01 May 2012, Sweetcrude, WASHINGTON DC — THE Senator Udoma Udo Udoma-led Special Taskforce on Petroleum Industry Bill, PIB, is expected to submit its report on the Bill within then next 10 days, the Minister of Petroleum Resources, Mrs Diezani Alison-Madueke, has said.
The minister disclosed this during an interactive session at Howard University, where she was conferred with the Centennial Professional Excellence Award on Government Affairs and Corporate Management by the Howard University in Washington DC, United States, weekend.
In response to a question on the continued delay in the passage of the PIB, the minister explained that the process had taken this long because the bill needed to be rejigged to reflect current realities.
She said: “Within the next 10 days, the PIB committee will conclude its findings and submit it’s report to me. The process has taken this long because we needed to look more critically with some of the provisions of the bill, especially the fiscal regime. This is why we invited all the stakeholders whose input will be incorporated to discuss various issues in the bill.”
Lull in investments
The minister argued that there was no question of holding unto the bill for longer than necessary because its delay in passage had taken a toll on investments in the industry.
She said: “It is important for us to pass the bill because if not, it will impact negatively on investments in the upstream petroleum sector, particularly in the deep offshore area where a lot of investment decisions have been put on hold.”
After years of delay, the PIB could not be passed in the 6th National Assembly on account of varied political interests, and protests by multinational oil companies against the fiscal terms that would guide future oil and gas operations in Nigeria.
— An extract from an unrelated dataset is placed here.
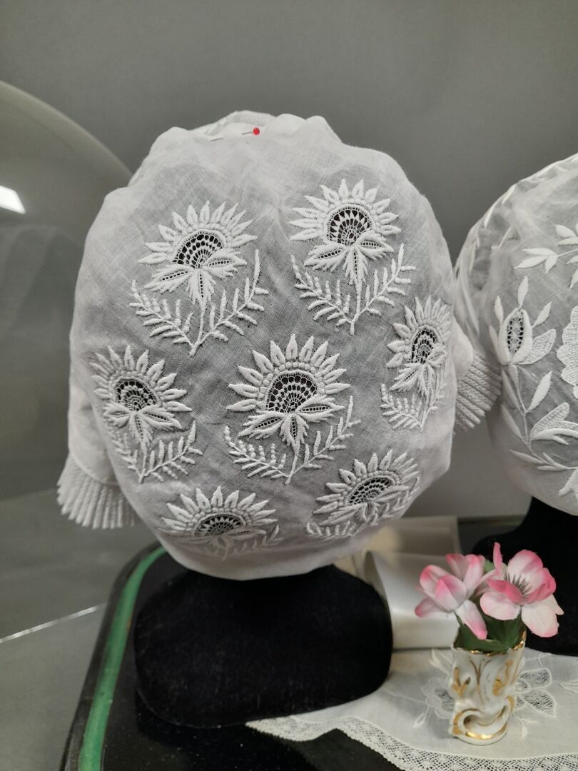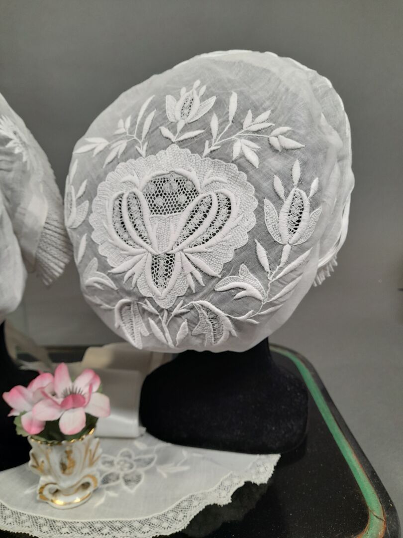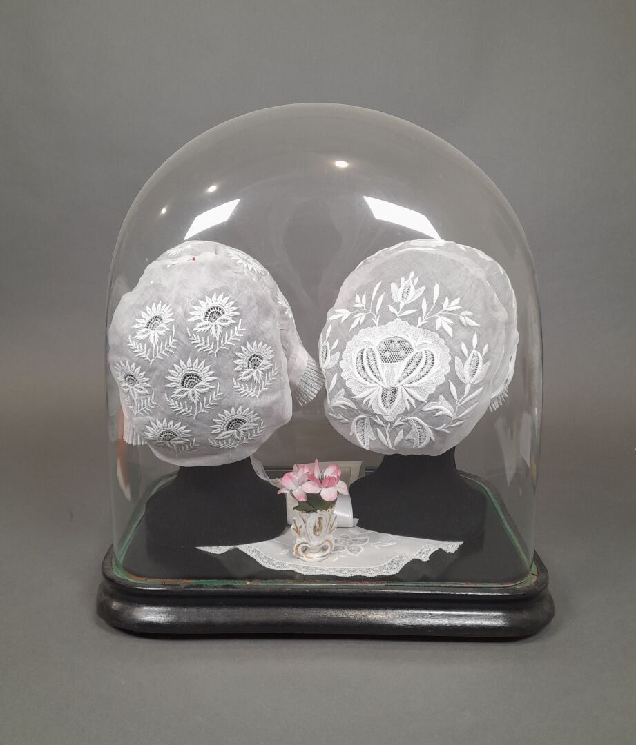 Large bridal globe containing two Touraine cotton muslin bonnets decorated with flowers embroidered in feather dots and sand embellished with needle lace for one, Valenciennes lace for the other, the lites in straw Valenciennes lace.

Federal Government had sought to increase its take from the petroleum sector, which constitutes the bulk of its revenues (90 per cent), thereby increasing the contribution of the sector to the nation’s gross domestic product, GDP, which is currently below 40 per cent.
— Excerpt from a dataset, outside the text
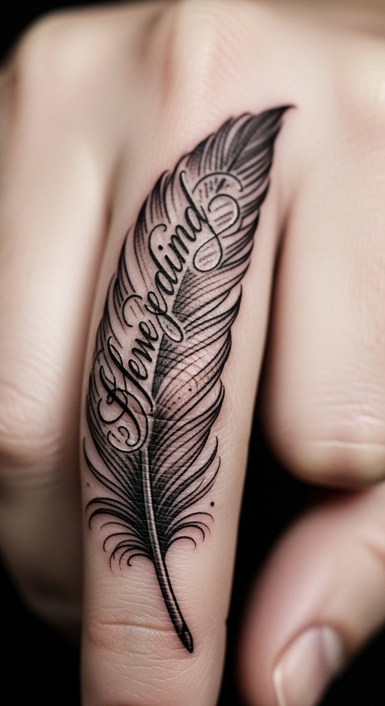 Pick a script word feather for your hand to add words. Script weaves into the feather for personal notes. Try your finger for quick reads. Search for flash designs at lower prices. Go for a word at $40. Write scripts with pens at home. This personalizes it. The tattoo shares your message. Use notebooks for drafts. Keep it visible or not. This is a direct way.

However, the oil companies protested that the new fiscal terms will dip too much into their earnings and profits, a development that made them restrict fresh investments in the sector to the barest to compel government to rescind the decision.
Inauguration of committee
At the inauguration of the eight man Special Taskforce and Technical Subcommittee, which was given a 30-day tenure to conclude its findings and report on January 19, the minister charged members to do a thorough work.
She said the bill “needed to be redefined and gingered up for speedy and very expedient passage by the 7th Assembly,” adding that government expected the committee “to put all indices in places to redefine the bill, look at certain sections and include strategic aspects so that we can get it right.”
Refined products
With regard to why a top global producer like Nigeria was still importing refined fuel even from non-oil producing countries, Alison-Madueke attributed the trend to the politicking associated with fuel distribution in the country.
She said, “It has a been a very topical issue in recent times that being one of the world’s largest producers of crude, Nigeria would be expected to have sufficiency in refined petroleum products at this time. To do that of course, you would have to increase your refining capacity to a certain level. At this time, Nigereia’s petroleum products are subsidised heavily. In fact, this was the reason for a major strike in the country, when the country tried to deregulate, take away the subsidy and to help the country to first of all focus these particular natural resources to other parts of the economy, which we felt are much more critical.
“And also, we didn’t feel the subsidy was actually reaching the sector of the population that they were designed for in the first place, that in fact, they were enriching the middlemen in the petroleum industry instead. But as you will find in many developing countries of third economies particularly in Africa, there is a vicious circle of dependency on the government. It is not just Africa, but in developed countries as well. And so over years, it becomes more difficult, I think in emerging economies to remove dependency particularly where it concerns major infrastructure and logistics like in this case.”
She, therefore noted that subsidy has made refining “rather unappealing to major investors,” as the building of a refinery was not a cheap venture. “And anyone coming into the venture will need ofcourse be assured that it was commercially viable and that you will make the requisite returns on investment at the end the day. And this is one of the reasons why we try to deregulate to open up the sector to more and more investment.”
The minister equally admitted that Nigeria’s three local refineries have not done very well under government’s management, adding that this is part of the reasons for the ongoing reforms in the petroleum sector, which is aimed at instituting the “requisite enabling environment to bring a lot more equity investment into the refineries and other parts of the oil and gas industry and other parts of the economy as well.”
She explained that government is also to ensure equity participation in other areas such as the gas pipelines, tank farms, depots by the private sector, which is envisaged will reduce the high level of corruption associated with the sector.